If random variables $X$, $Y$ are dependent, and $X>0$ $Y>0$, we have $P(XY\leq z)=P(X\leq z/Y)=\int_{0}^{\infty} \int_{0}^{z/y} f_{XY}(x,y) dx dy$.
How about the case of $n$ dependent random variables? i.e., how to use the joint PDF $f_{X_1,X_2,\ldots,X_n}(x_1,x_2,\ldots,x_n)$ to obtain the CDF $P(X_1 X_2\cdots X_n\leq z)$?
I have an idea, but not sure if it is right.
$P(X_1 X_2\cdots X_n\leq z)\\=E(P(X_1 \leq \frac{z}{X_2\cdots X_n}\mid X_2=x_2,\ldots,X_n=x_n))\\=\int_0^\infty \cdots \int_0^\infty dx_2\cdots dx_n \int_0^{\frac{z}{x_2\cdots x_n}}f_{X_1,X_2,\ldots,X_n}(x_1,x_2,\ldots,x_n)dx_1$.
Let $X_1,....,X_n$ be random variables with joint density function $f(x_1,...,x_n)$.
Consider the transformation $g(x_1,...,x_n)=(x_1...x_n,x_2,...,x_n)$. The inverse transformation is $g^{-1}(z_1,...,z_n)=(\frac{z_1}{z_2...z_n},z_2,...,z_n)$ and it follows that the jacobian of the inverse transformation is $|J|=\frac{1}{z_2...z_n}$.

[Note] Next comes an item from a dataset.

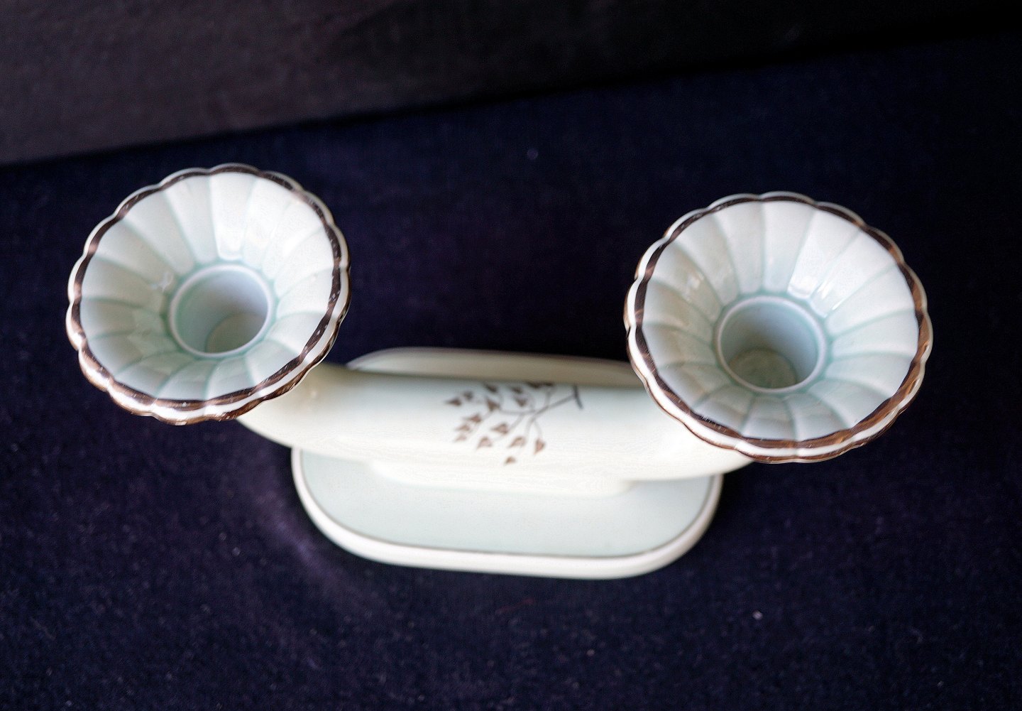 Aluminia, Denmark. Dobbeltarmet lysegrøn lysestage Saltholm, nr. 258, der er malet mørke blade på midten af lysestagen.

Then by the transformation theorem the density function of the vector $(z_1,...,z_n)$ is $f_Z(z_1,...,z_n)=f(\frac{z_1}{z_2...z_n},z_2,...,z_n)|\frac{1}{z_2...z_n}|$ and the marginal density function of $Z_1$ can be written as:
$f_{Z_1}(z_1)=\int_0^\infty...\int_0^\infty f(\frac{z_1}{z_2...z_n},z_2,...,z_n)|\frac{1}{z_2...z_n}| dz_2...dz_n$
Note that the solution above can be obtained by applying the Leibniz rule to the solution you proposed. Take $F(\frac{z}{x_2...x_n},...,x_n)-F(0,x_2,...,x_n)=\int_0^\frac{z}{x_2,...,x_n} f_{X_1,...,X_n}(x_1,...,x_n) dx_1$ and try to calculate $\frac{d}{dz}\int_0^\infty...\int_0^\infty F(\frac{z}{x_2...x_n},...,x_n)-F(0,x_2,...,x_n) dx_2...dx_n.$